● **HOW TO COMPLETE THIS TASK**
Below are entries. Give back exactly the lines from the one containing "des Philippines. |" through the one containing "Lựa chọn để", inclusive, without the pictures.

━━━━━ DATA EXTRACTS ━━━━━

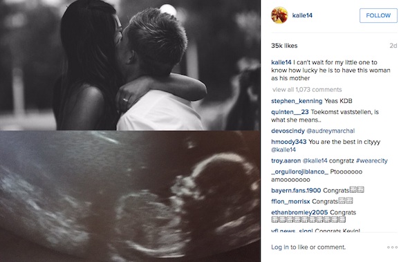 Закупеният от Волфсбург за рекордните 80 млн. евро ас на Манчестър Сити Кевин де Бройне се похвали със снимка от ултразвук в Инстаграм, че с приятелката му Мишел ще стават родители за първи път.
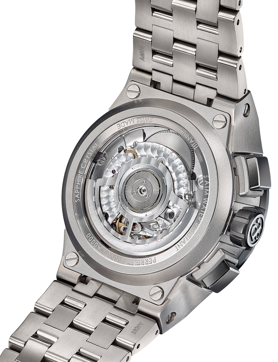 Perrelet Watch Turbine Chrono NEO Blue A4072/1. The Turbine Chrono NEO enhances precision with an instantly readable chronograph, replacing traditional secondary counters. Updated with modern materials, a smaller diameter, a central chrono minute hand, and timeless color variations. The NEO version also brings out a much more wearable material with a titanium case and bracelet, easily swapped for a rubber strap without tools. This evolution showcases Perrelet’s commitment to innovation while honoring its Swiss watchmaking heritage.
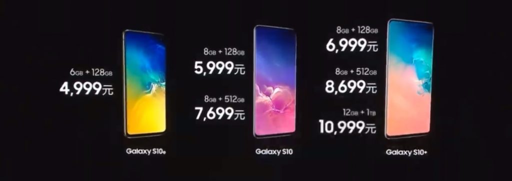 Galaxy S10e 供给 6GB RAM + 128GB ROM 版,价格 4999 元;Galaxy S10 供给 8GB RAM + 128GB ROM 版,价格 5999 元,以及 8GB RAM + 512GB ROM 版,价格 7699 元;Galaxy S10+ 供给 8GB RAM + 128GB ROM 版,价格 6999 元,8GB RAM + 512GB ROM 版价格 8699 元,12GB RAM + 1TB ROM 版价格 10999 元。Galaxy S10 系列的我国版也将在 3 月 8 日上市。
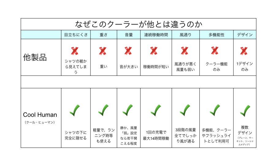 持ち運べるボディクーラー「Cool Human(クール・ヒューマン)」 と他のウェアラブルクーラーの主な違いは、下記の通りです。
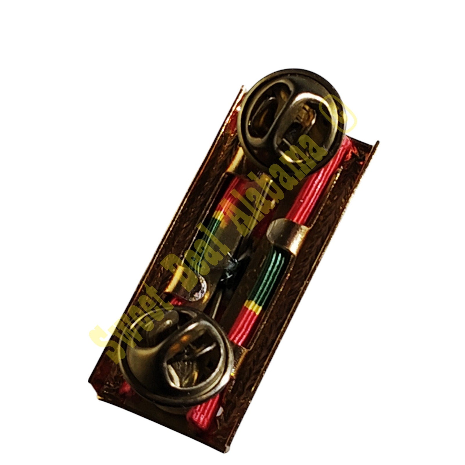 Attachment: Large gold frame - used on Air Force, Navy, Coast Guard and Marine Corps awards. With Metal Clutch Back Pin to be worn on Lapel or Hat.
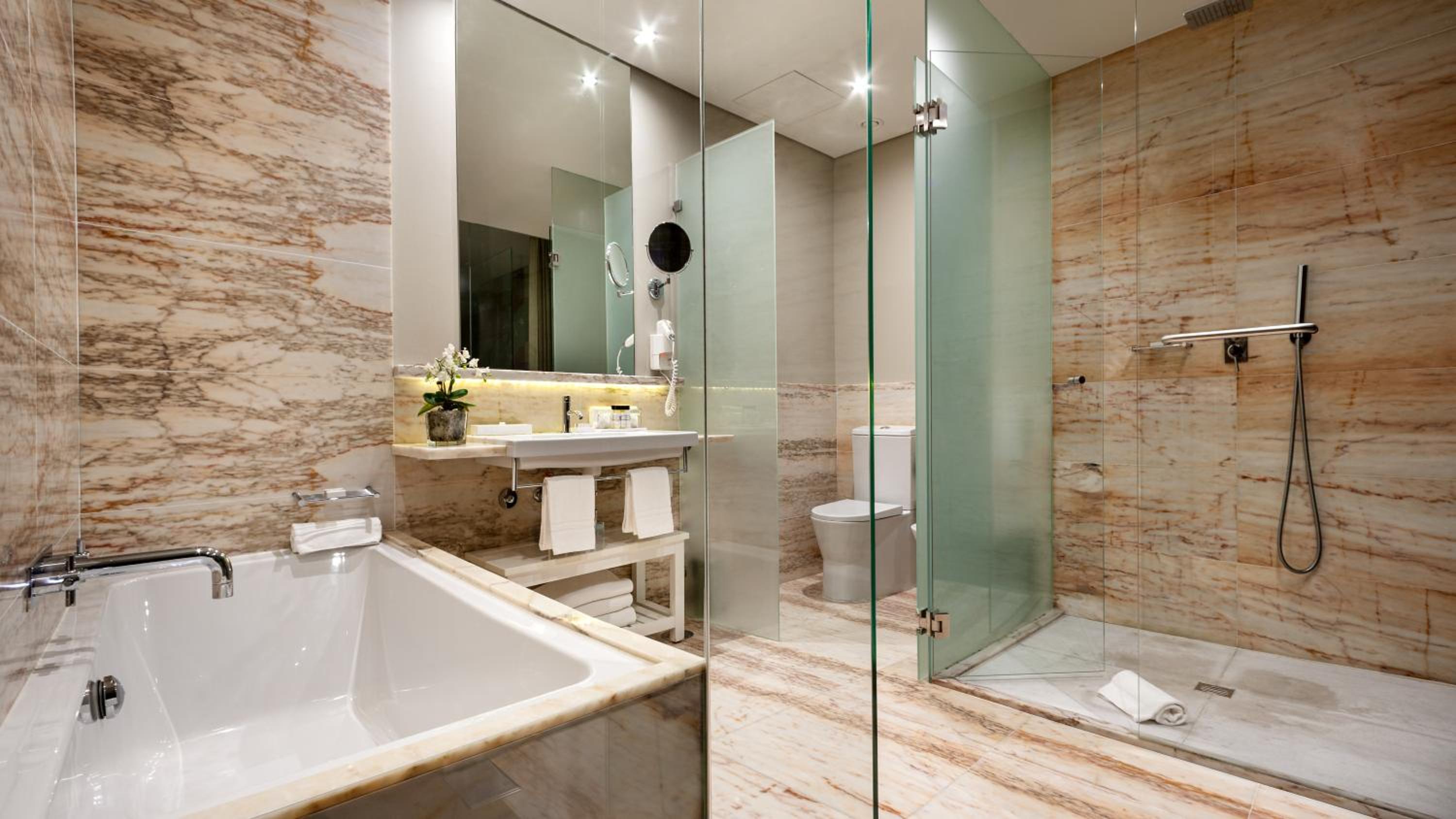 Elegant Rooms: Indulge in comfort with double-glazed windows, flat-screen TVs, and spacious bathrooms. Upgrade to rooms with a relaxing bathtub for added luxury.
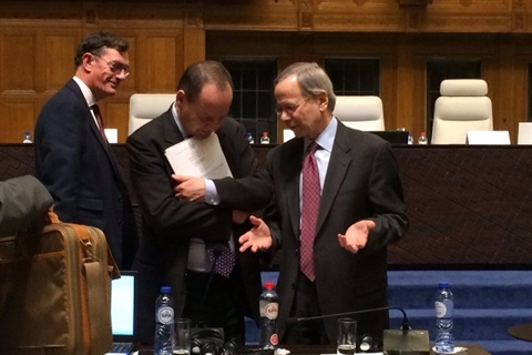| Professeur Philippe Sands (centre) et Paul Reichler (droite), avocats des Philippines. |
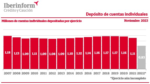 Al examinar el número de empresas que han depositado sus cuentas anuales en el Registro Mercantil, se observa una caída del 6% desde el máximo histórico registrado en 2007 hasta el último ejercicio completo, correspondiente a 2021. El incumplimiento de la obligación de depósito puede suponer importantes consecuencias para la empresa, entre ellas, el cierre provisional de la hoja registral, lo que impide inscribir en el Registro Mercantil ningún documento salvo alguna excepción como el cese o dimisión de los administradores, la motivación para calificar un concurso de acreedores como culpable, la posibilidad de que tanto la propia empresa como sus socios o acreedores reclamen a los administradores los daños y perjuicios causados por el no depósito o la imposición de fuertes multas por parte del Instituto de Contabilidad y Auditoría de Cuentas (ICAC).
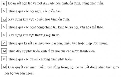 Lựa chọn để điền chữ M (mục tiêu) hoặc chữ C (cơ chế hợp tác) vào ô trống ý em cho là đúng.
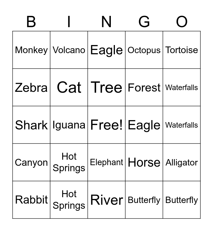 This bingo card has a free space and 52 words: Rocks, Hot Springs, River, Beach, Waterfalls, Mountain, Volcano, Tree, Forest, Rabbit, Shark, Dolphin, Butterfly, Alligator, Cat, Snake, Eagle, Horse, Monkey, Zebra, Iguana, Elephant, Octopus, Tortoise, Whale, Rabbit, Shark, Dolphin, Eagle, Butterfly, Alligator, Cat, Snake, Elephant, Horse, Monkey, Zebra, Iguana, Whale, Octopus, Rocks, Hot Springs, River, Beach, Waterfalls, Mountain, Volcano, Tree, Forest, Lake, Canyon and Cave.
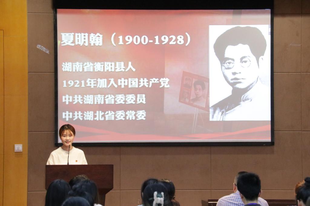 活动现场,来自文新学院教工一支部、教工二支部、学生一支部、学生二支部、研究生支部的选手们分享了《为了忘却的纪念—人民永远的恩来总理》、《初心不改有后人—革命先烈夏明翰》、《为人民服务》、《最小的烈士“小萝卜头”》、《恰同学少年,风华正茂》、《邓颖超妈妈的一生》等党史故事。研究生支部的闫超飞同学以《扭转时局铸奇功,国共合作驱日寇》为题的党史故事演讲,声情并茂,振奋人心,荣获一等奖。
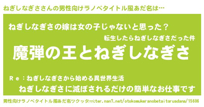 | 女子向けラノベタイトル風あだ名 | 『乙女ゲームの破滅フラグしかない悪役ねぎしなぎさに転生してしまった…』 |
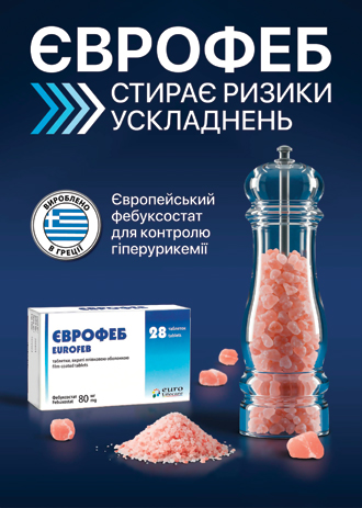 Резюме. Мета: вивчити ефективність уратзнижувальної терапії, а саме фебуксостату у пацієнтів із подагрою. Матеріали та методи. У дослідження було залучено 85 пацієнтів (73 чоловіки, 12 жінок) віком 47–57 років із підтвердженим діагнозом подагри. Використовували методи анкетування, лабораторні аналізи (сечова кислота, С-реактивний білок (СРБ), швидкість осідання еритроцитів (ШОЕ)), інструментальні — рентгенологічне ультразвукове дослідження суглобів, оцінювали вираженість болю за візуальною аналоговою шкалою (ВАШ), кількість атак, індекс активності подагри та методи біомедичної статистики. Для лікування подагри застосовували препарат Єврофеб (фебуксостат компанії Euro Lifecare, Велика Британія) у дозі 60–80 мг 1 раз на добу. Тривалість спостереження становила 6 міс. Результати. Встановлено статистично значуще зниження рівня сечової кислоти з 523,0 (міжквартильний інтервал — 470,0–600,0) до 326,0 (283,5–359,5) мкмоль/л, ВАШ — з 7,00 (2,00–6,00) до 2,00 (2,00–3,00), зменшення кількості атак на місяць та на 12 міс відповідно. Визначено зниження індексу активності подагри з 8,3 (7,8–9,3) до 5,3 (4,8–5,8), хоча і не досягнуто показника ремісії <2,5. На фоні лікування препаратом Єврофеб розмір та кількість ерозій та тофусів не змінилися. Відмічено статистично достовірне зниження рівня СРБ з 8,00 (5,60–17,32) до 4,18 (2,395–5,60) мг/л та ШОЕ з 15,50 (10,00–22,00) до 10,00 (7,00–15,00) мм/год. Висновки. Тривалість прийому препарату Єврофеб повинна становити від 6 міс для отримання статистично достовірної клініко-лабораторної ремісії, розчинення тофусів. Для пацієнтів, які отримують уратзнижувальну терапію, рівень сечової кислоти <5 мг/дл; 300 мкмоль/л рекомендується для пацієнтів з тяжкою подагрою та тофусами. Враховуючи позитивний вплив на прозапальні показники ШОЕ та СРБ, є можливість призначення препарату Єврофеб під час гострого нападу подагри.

━━━━━

● **ANSWER BOX**
| Professeur Philippe Sands (centre) et Paul Reichler (droite), avocats des Philippines. |
 Al examinar el número de empresas que han depositado sus cuentas anuales en el Registro Mercantil, se observa una caída del 6% desde el máximo histórico registrado en 2007 hasta el último ejercicio completo, correspondiente a 2021. El incumplimiento de la obligación de depósito puede suponer importantes consecuencias para la empresa, entre ellas, el cierre provisional de la hoja registral, lo que impide inscribir en el Registro Mercantil ningún documento salvo alguna excepción como el cese o dimisión de los administradores, la motivación para calificar un concurso de acreedores como culpable, la posibilidad de que tanto la propia empresa como sus socios o acreedores reclamen a los administradores los daños y perjuicios causados por el no depósito o la imposición de fuertes multas por parte del Instituto de Contabilidad y Auditoría de Cuentas (ICAC).
 Lựa chọn để điền chữ M (mục tiêu) hoặc chữ C (cơ chế hợp tác) vào ô trống ý em cho là đúng.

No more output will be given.